Exercise objective: Below are entries to reproduce exactly, apart from their pictures.
::::::
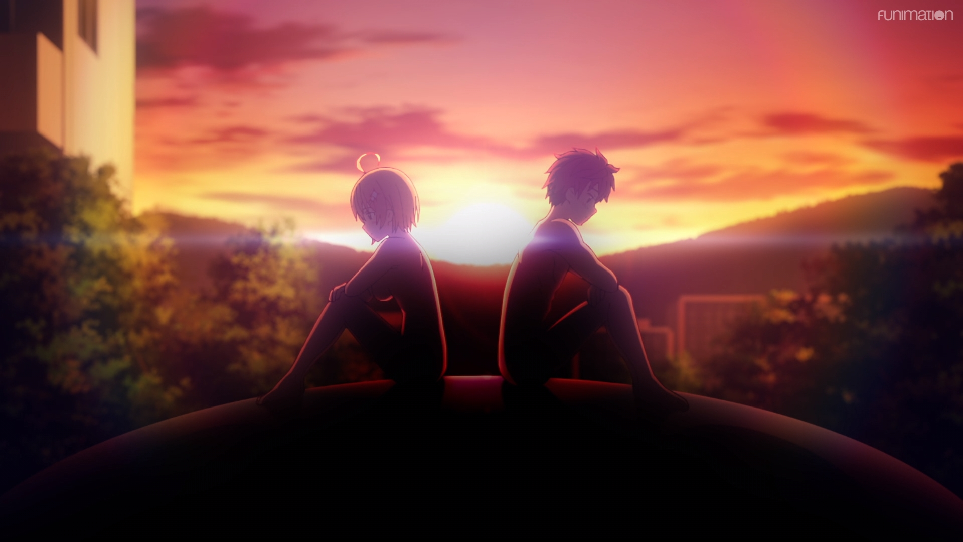 Kirara and Retto sitting naked atop a playground structure, silhouetted against the sunset
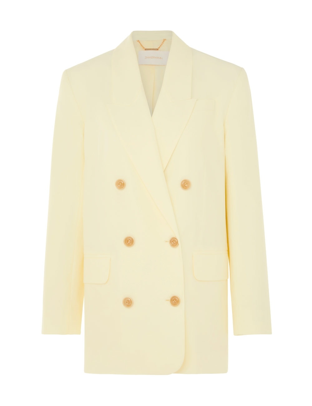 ITEM DETAILS The Harmony Poplin Jacket in Lemon from our Spring 2024 Collection, Natura. A cotton poplin double breasted jacket featuring jigger buttons and a stand collar. - Tailored jacket - Centre back seam with rear vent - Blind body and sleeves hem - Left front breast pocket - Front double welt pockets - Buttons on each sleeve Style Code: 9390JS242 SIZE DETAILS 0P 0 1 2 3 4 Length 73 79 80 80 81 82 Bust 100 106 110 116 120 126 Waist 98 102 108 114 120 124 Sleeve 60 64 65 66 66 67 Tailored fit This garment fits true to size Available in size 0P, suited to clients who are under 5'3"/ 160cm Model is 5'9.5"/178 cm, bust size 32C/10C and wears a size 0 Item measurements have been rounded to the nearest cm. CARE INSTRUCTIONS Main: 86% wool 14% cotton Lining: 73% viscose 27% silk Exclusive of trims Dry clean only code f with protective bag Cool iron with protective cloth Do not spot clean Cover and protect hardware Turn garment inside out before dry cleaning Always check the garment care label for specific care instructions.
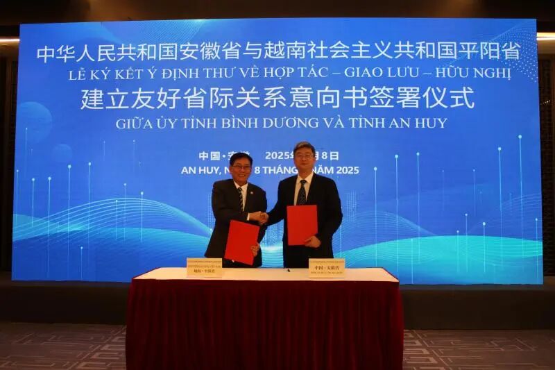 会见后,孙勇副省长和梅雄勇常务副主席签署了《中华人民共和国安徽省与越南社会主义共和国平阳省建立友好省际关系意向书 》。
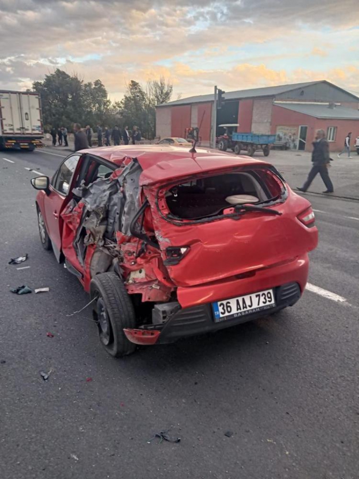 Edinilen bilgiye göre, Ağrı yolu Nurettin Aydın Petrol Kavşağı'nda meydana gelen kazada, Erzurum istikametinden Kars istikametine seyir halinde olan Halen Yasin Topkaya idaresindeki 36 ED 014 plakalı sebze yüklü kamyon, ana yolda 36 AAJ 739 plakalı otomobile arkadan çarptı. Çarpmanın etkisiyle takla atarak refüje çıkan kamyon ters döndü. Kamyonda bulunan sebze ve meyveler yola saçılırken, kazayı gören vatandaşlar durumu hemen 112 ekiplerine bildirdi.
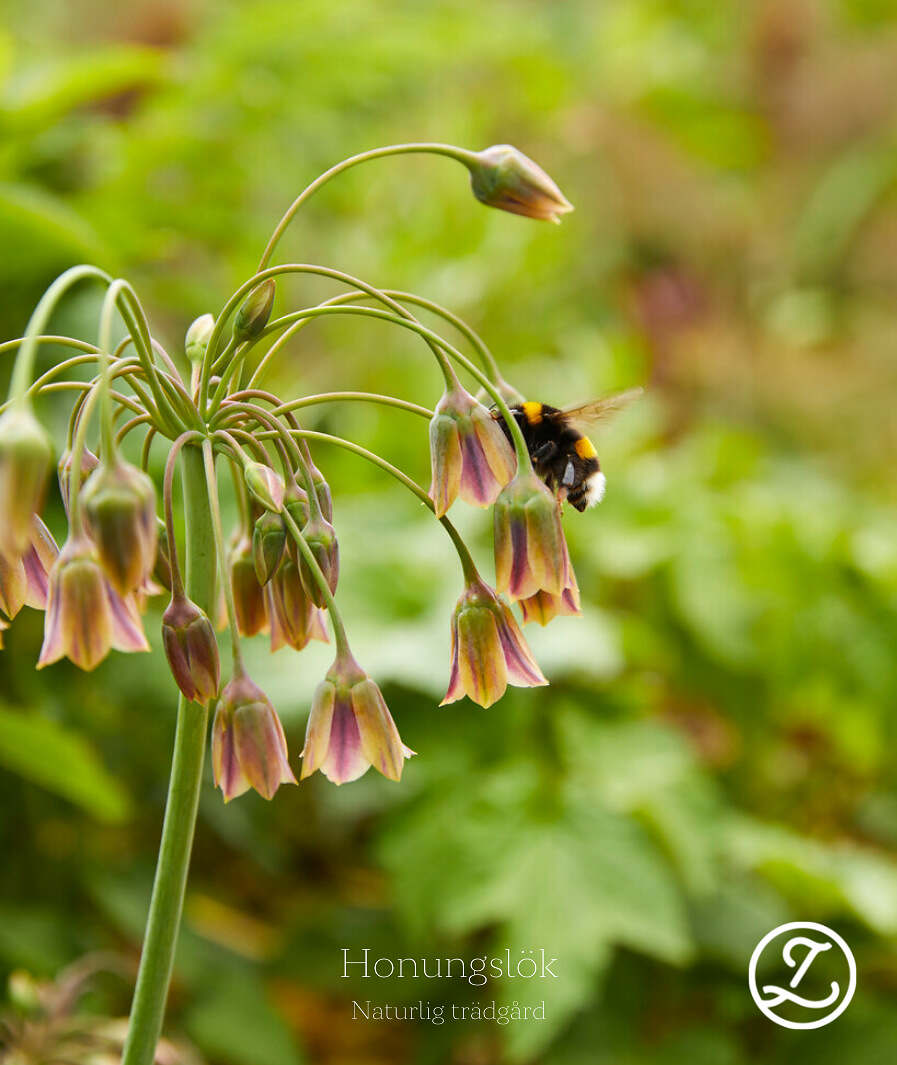Honungslök är en populär snittblomma som älskas av florister. Den är inte så vanlig i trädgården vilket är synd då den förgyller såväl rabatt som Woodland planteringar. Blommar på höga stänglar som blir uppåt 90 cm och varje stjälk avslutas med en krona av små klockformade blommor med lila, krämvita och gröna toner. Honungslök sägs kunna hålla ovälkomna inkräktare som t.ex. mullvad på avstånd då att de undviker att gräva i rabatten.
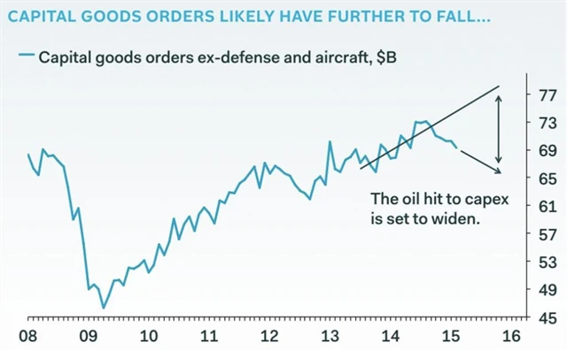 Výrazné omezování kapitálových výdajů světových těžařů ropy se mimo jiné znatelně projevuje i v objednávkách nových výrobních zařízení. Jak nedávno upozornil Ian Shepherdson z Pantheon Macroeconomics, za tři měsíce do konce února výdaje firem na nákup výrobních prostředků klesly o 7,6 % anualizovaně. V této statistice jsou přitom zahrnuty výdaje všech firem, což dokazuje, jak moc si těžaři musejí utahovat opasky.
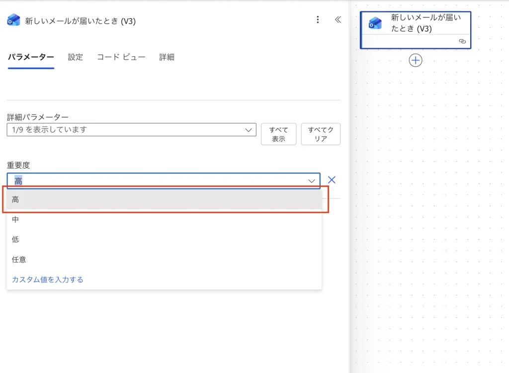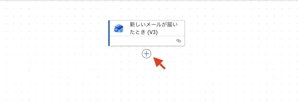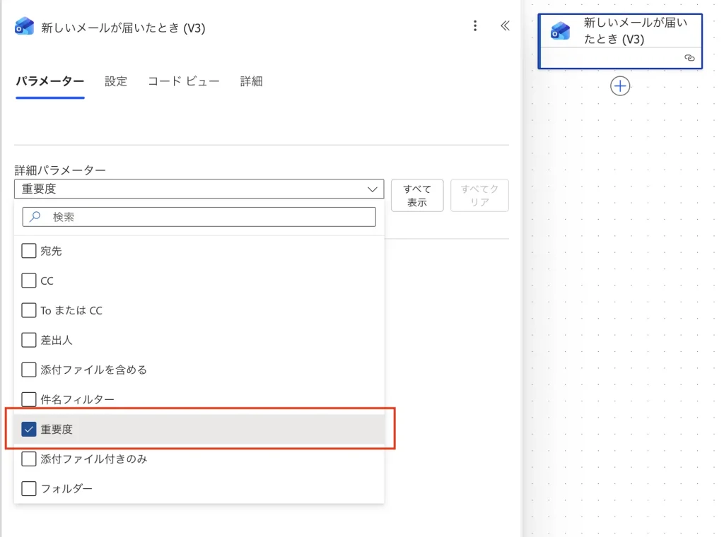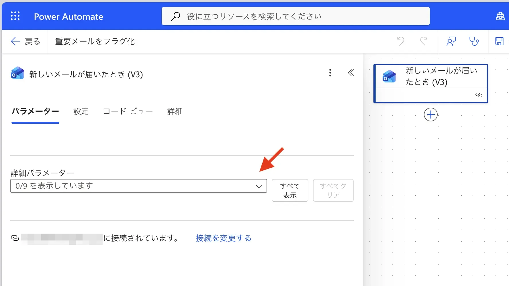 フロー編集画面で、一番上の「新しいメールが届いたとき (V3)」をクリックして設定パネルを開く。
::::::
Reply to the exercise:
 Kirara and Retto sitting naked atop a playground structure, silhouetted against the sunset
 ITEM DETAILS The Harmony Poplin Jacket in Lemon from our Spring 2024 Collection, Natura. A cotton poplin double breasted jacket featuring jigger buttons and a stand collar. - Tailored jacket - Centre back seam with rear vent - Blind body and sleeves hem - Left front breast pocket - Front double welt pockets - Buttons on each sleeve Style Code: 9390JS242 SIZE DETAILS 0P 0 1 2 3 4 Length 73 79 80 80 81 82 Bust 100 106 110 116 120 126 Waist 98 102 108 114 120 124 Sleeve 60 64 65 66 66 67 Tailored fit This garment fits true to size Available in size 0P, suited to clients who are under 5'3"/ 160cm Model is 5'9.5"/178 cm, bust size 32C/10C and wears a size 0 Item measurements have been rounded to the nearest cm. CARE INSTRUCTIONS Main: 86% wool 14% cotton Lining: 73% viscose 27% silk Exclusive of trims Dry clean only code f with protective bag Cool iron with protective cloth Do not spot clean Cover and protect hardware Turn garment inside out before dry cleaning Always check the garment care label for specific care instructions.
 会见后,孙勇副省长和梅雄勇常务副主席签署了《中华人民共和国安徽省与越南社会主义共和国平阳省建立友好省际关系意向书 》。
 Edinilen bilgiye göre, Ağrı yolu Nurettin Aydın Petrol Kavşağı'nda meydana gelen kazada, Erzurum istikametinden Kars istikametine seyir halinde olan Halen Yasin Topkaya idaresindeki 36 ED 014 plakalı sebze yüklü kamyon, ana yolda 36 AAJ 739 plakalı otomobile arkadan çarptı. Çarpmanın etkisiyle takla atarak refüje çıkan kamyon ters döndü. Kamyonda bulunan sebze ve meyveler yola saçılırken, kazayı gören vatandaşlar durumu hemen 112 ekiplerine bildirdi.
Honungslök är en populär snittblomma som älskas av florister. Den är inte så vanlig i trädgården vilket är synd då den förgyller såväl rabatt som Woodland planteringar. Blommar på höga stänglar som blir uppåt 90 cm och varje stjälk avslutas med en krona av små klockformade blommor med lila, krämvita och gröna toner. Honungslök sägs kunna hålla ovälkomna inkräktare som t.ex. mullvad på avstånd då att de undviker att gräva i rabatten.
 Výrazné omezování kapitálových výdajů světových těžařů ropy se mimo jiné znatelně projevuje i v objednávkách nových výrobních zařízení. Jak nedávno upozornil Ian Shepherdson z Pantheon Macroeconomics, za tři měsíce do konce února výdaje firem na nákup výrobních prostředků klesly o 7,6 % anualizovaně. V této statistice jsou přitom zahrnuty výdaje všech firem, což dokazuje, jak moc si těžaři musejí utahovat opasky.
 フロー編集画面で、一番上の「新しいメールが届いたとき (V3)」をクリックして設定パネルを開く。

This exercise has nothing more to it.